[Records contained in a dataset]
○ ○ ○ ○

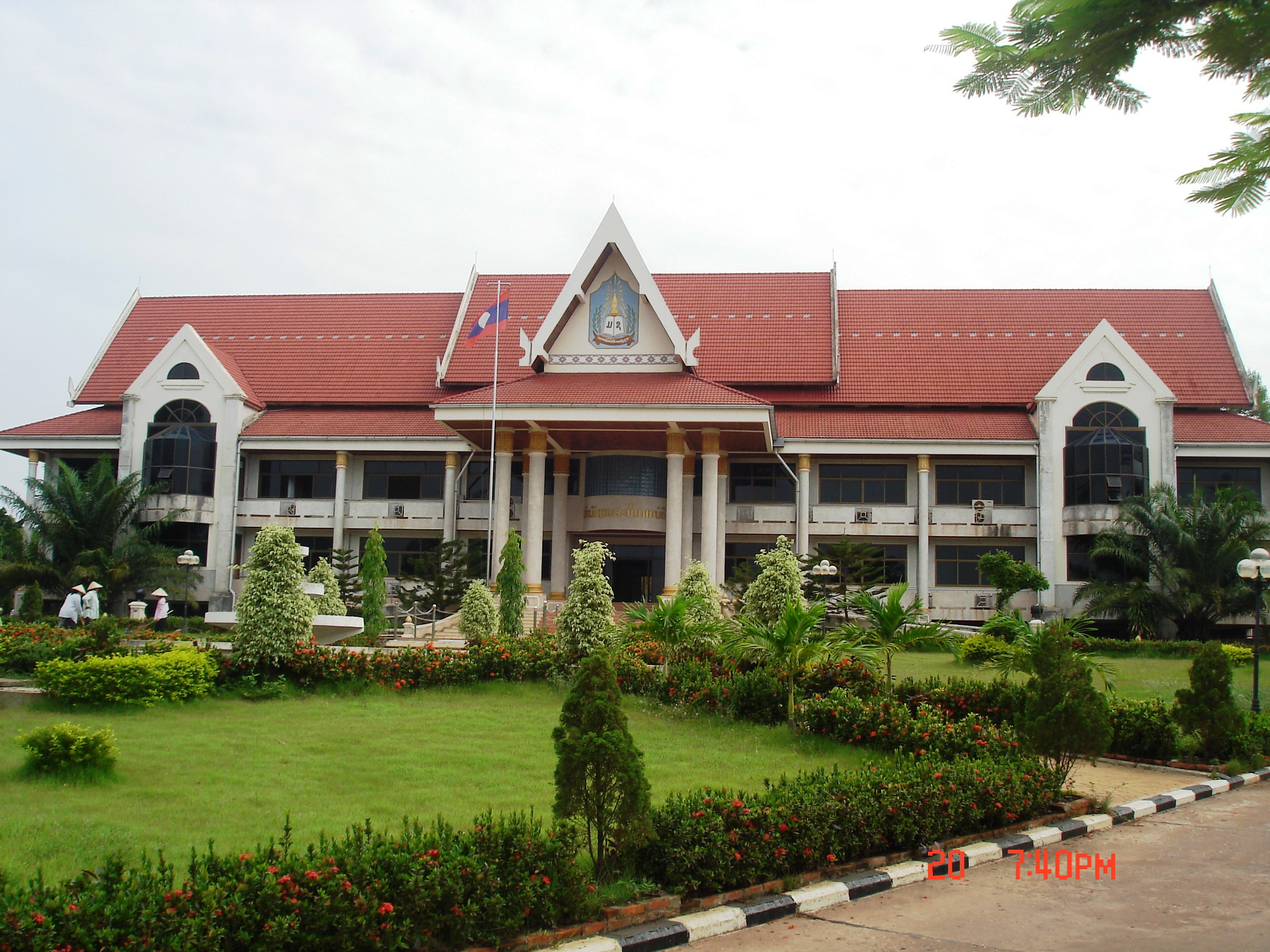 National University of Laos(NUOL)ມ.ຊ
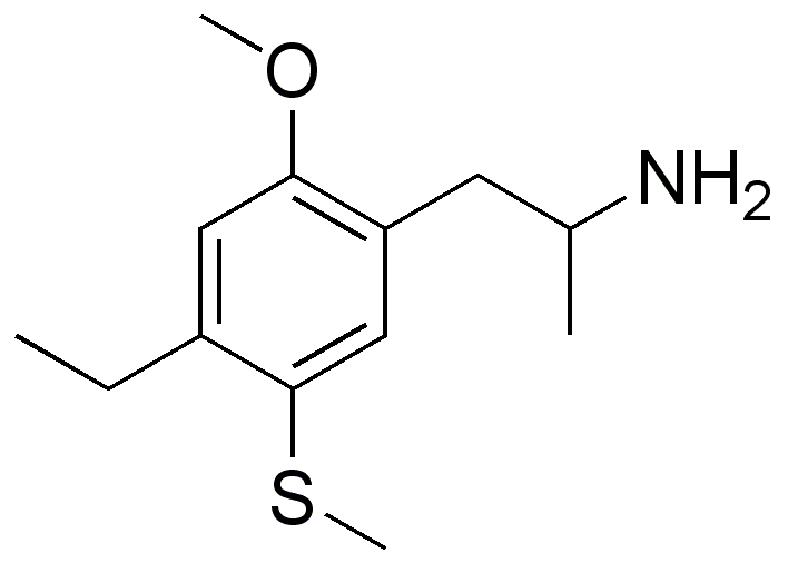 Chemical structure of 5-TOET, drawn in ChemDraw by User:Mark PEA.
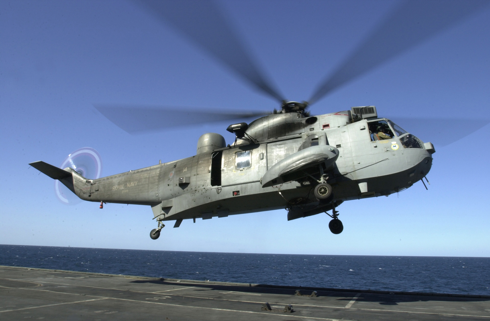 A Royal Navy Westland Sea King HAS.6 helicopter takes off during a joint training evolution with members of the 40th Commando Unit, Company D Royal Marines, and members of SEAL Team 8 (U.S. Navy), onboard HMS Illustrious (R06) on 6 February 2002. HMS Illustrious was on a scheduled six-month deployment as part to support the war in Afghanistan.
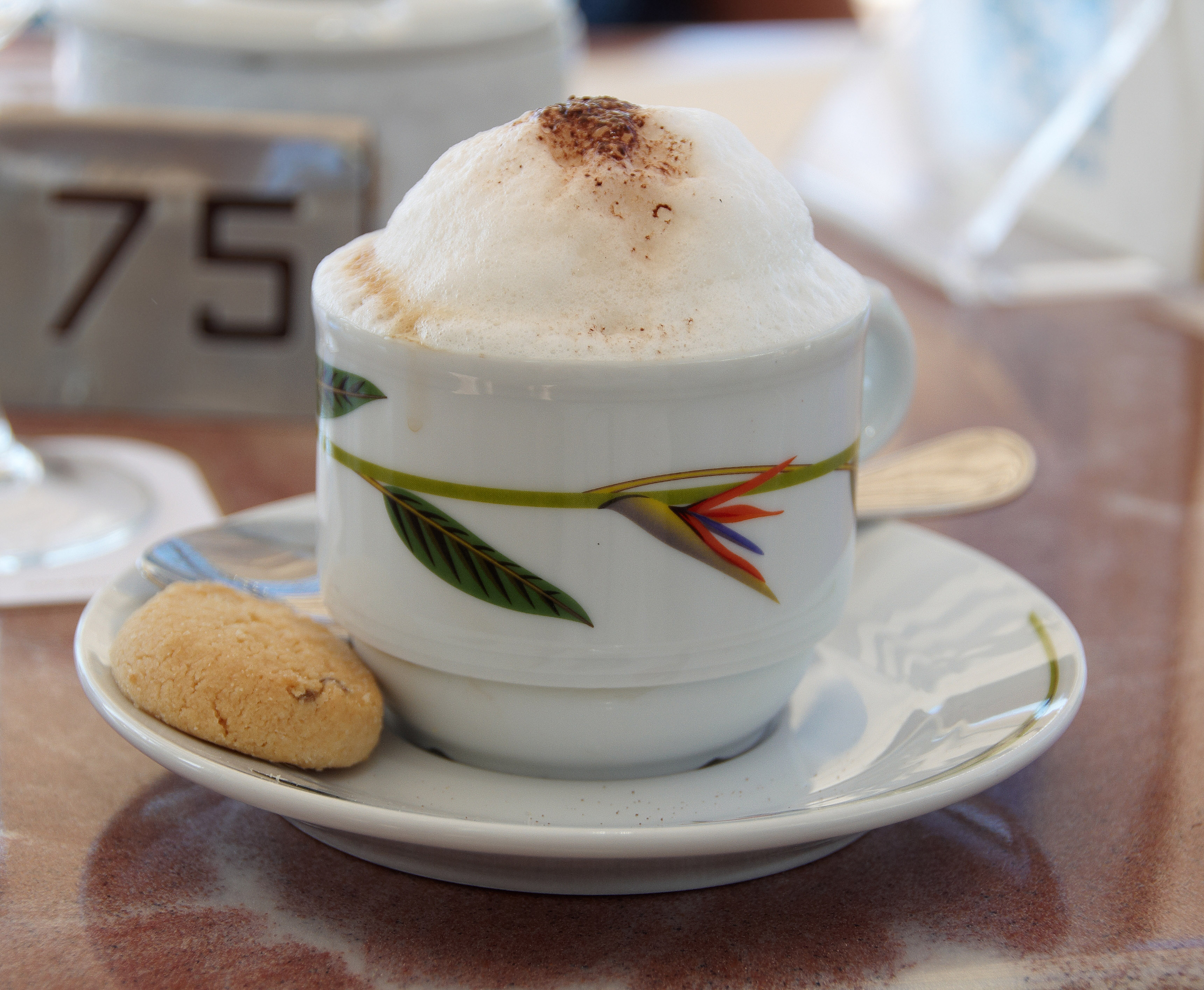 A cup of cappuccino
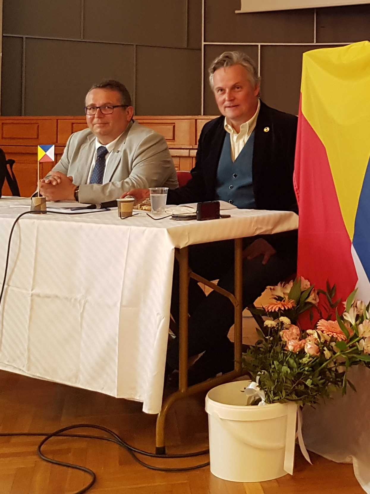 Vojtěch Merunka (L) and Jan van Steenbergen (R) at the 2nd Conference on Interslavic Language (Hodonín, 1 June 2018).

○ ○ ○ ○

- _Exercise_
Retype exactly the lines above, starting at the line containing "Chemical structure of" and ending with the last line, both included; leave out the pictures.

- _Output for this exercise_
 Chemical structure of 5-TOET, drawn in ChemDraw by User:Mark PEA.
 A Royal Navy Westland Sea King HAS.6 helicopter takes off during a joint training evolution with members of the 40th Commando Unit, Company D Royal Marines, and members of SEAL Team 8 (U.S. Navy), onboard HMS Illustrious (R06) on 6 February 2002. HMS Illustrious was on a scheduled six-month deployment as part to support the war in Afghanistan.
 A cup of cappuccino
 Vojtěch Merunka (L) and Jan van Steenbergen (R) at the 2nd Conference on Interslavic Language (Hodonín, 1 June 2018).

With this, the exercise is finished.